The noteworthy steps taken by the Government during the last few years have started showing results, as is evident from the record volume of FDI inflow that was received in the country in FY22. The Government has launched policies that have significantly simplified the ease of doing business in India.
India currently enjoys the position of one of the most important players in the global economic landscape. Increased government investment is expected to attract private investment, both domestic and foreign. The Government’s key PLI schemes in multiple sectors will provide significant support to the manufacturing sector. The PLI schemes in 14 different sectors can lead to additional production of INR 30 lakh crore (USD 401 billion) over the next five years, as well as create employment for 60 lakh people.
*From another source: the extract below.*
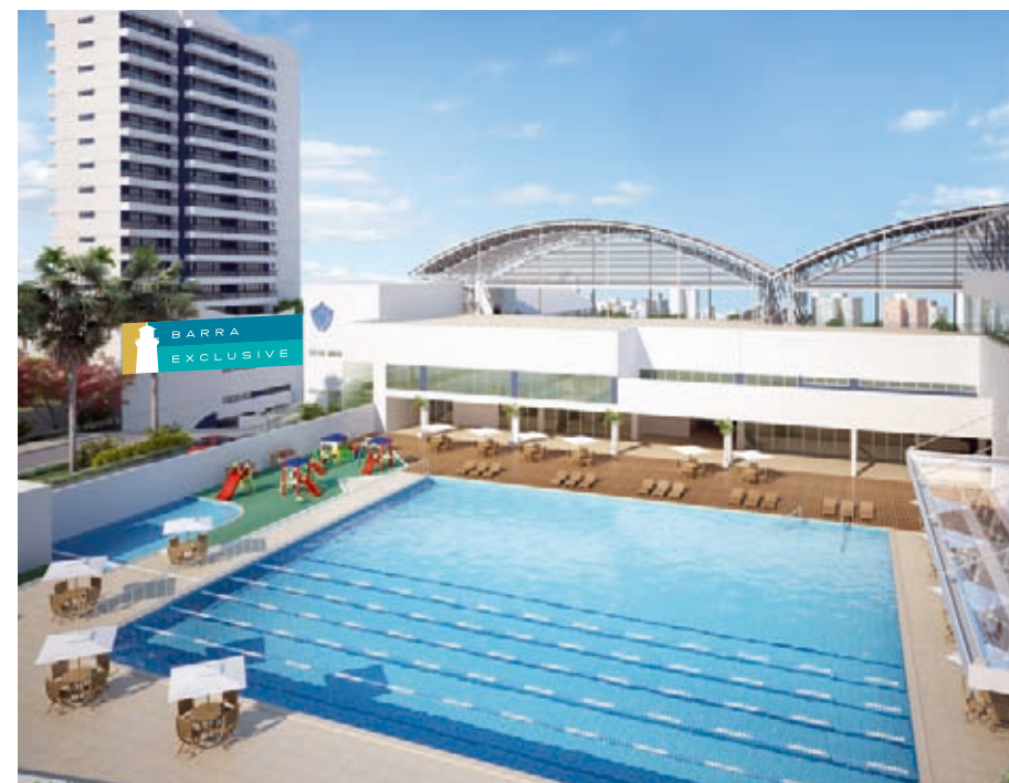
PISCINA DA NOVA ASSOCIAÇÃO ATLÉTICA.

VENHA SER VIZINHO DA NOVA AAB E USUFRUA DO CLUBE MAIS MODERNO DE SALVADOR.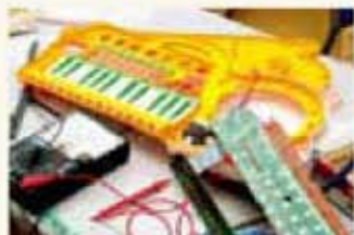
電気系統の故障を修理、使用する工具は手づくり

Gradual opening up of the economy by relaxing FDI norms, record vaccinations to combat the pandemic, increase in consumer demand and income, improving financial infrastructure of the country, and continued policy support towards industries by the Government in the form of the Atmanirbhar Bharat Abhiyan and various PLI schemes have led to an upturn in the performance of the investment sector in India, which is set to scale new heights in the coming years.
Given the global challenges, the pace of reforms is indeed very heartening. Some experiments like having a unified regulator for the GIFT city have also started showing positive results. The recent budget announcement for revision to regulations by all financial sector regulators in consultation with the public, and announcement of INR 10 lakh crore for capital investment is also very welcome among a slew of other major announcements. It is now time that private sector investments start taking the lead.
For achieving the same, the regulators should increasingly take the role of a facilitator, move to principle-based governance from rule-based governance and focus on inter regulatory issues to achieve common goals.
On ease of doing business, the Government should take a larger perspective to further encourage the MSMEs and attract new investments to increase employment opportunities, which has to be supported by relevant skilling opportunities while retaining the focus on ESG commitments to rest of the world.
With a combination of public and private funding as well as innovative funding mechanisms, India’s growth will remain on the fast track.